Impatient with Nancy Pelosi’s temporizing, her unwillingness to drop the impeachment bomb on the now aggressively obstructive Trump?
Whatever your answer, she and the Democrats have a messaging problem: how to sell such a move to the public. They haven’t yet found a way to make accountability and preservation of Congress’ investigative powers seem relevant, much less essential to voters burdened with pocketbook issues and befuddled by Robert Mueller’s exquisitely hedged report on collusion/obstruction.
I’m befuddled too. Mueller pulled too many punches. Still, I would argue that Trump himself has given Pelosi & Company the perfect set-up for a take-down by stonewalling too much, bringing Congress to a near standstill by refusing to honor virtually any subpoena or request for testimony on just about anything.
Trump didn’t even need a threatened court order to be provoked into going hardnosed in his latest public snit. He just said flat out he wouldn’t do business with the Democrats – the specific issue was infrastructure – as long as they dared to inconvenience him with fair but pointed questions.
“I want to do infrastructure,” he snapped. “But you know what? You can’t do it under these circumstances. So, get these phony investigations over with!”
What we’ve got here is something that has the feel of that old bogey: a government shutdown.
Shutdowns are never good for the economy or anybody’s bottom line. And everybody gets what a shutdown means because it’s a short word with the abruptness of a pistol shot and a whiff of the funereal.

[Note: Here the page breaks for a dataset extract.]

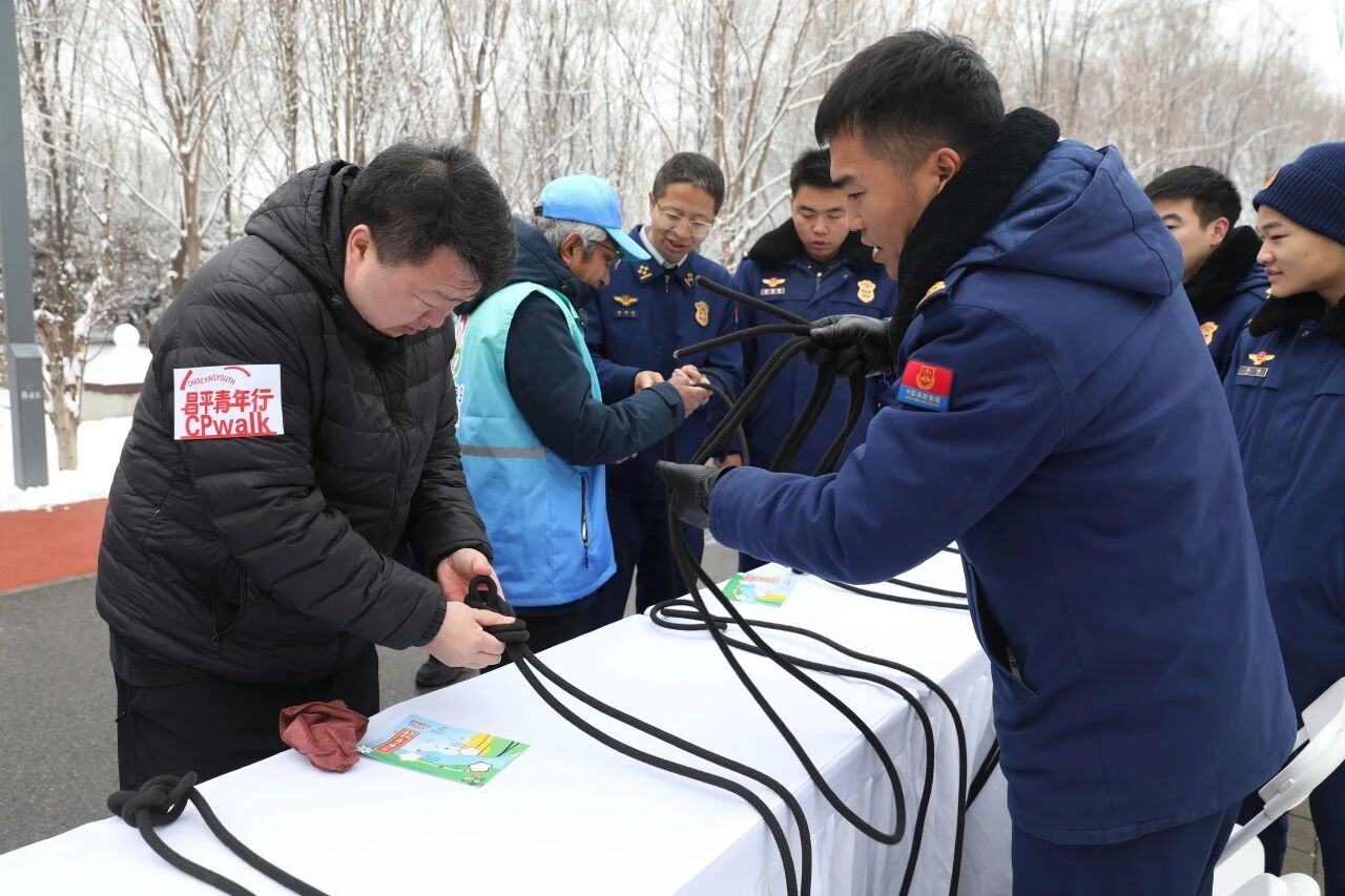 在昌平区温榆河・未来智谷,学院联合昌平团区委开展昌平青年CPwalk活动,以“志愿服务+城市徒步+文化体验+趣味闯关”的形式,打造集公益实践、安全科普、青年社交于一体的沉浸式志愿服务活动。在应急技能主题打卡点,志愿者们现场演示心肺复苏、基础逃生与救援绳结技能,通过“实操教学+互动体验”的方式,让市民快速掌握实用应急本领。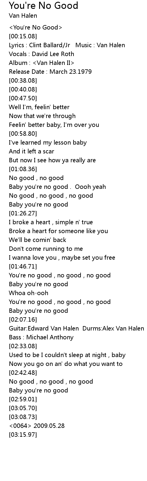 Lyrics : Clint Ballard/Jr Music : Van Halen |

Yes, I know the current situation is different. Congressional paralysis isn’t a formal shutdown. But believe me, the Republicans could find a way to frame the existing impasse in just that way if it served their purposes.
So, what’s wrong with the Democrats giving it a try? Why not send Pelosi and Hoyer, and yes, AOC out to the microphones to remind voters a crippled Congress can’t keep their pocketbooks safe?
Draw a straight line between Trump’s obstructionism and the legion of potential terribles — price hikes at the pump, mortgage rate upticks and ballooning grocery bills.
If there’s no oversight, there’s no keeping the profiteers in check, no staving off Flint-style crises right in your own neighborhood, no propping up bridges down to their last rusting rivet and just a tremor away from collapsing onto crumbling freeways below.
A Republican strategist, faced with Pelosi’s challenge, might urge slow-walking certain voter-friendly bills through committee simply to make the point that a stymied Congress is no good for the public good. I wouldn’t urge such cynicism on a Democratic lawmaker, but you get my point.
This is the time for some imaginative message-making. Trump, the Maleficent, has provided Democrats the grist.
Think government shutdown, gridlocked cities, stifled innovation. It’s enough to make this generation’s Howard Beal fling open the window and howl, Impeachment!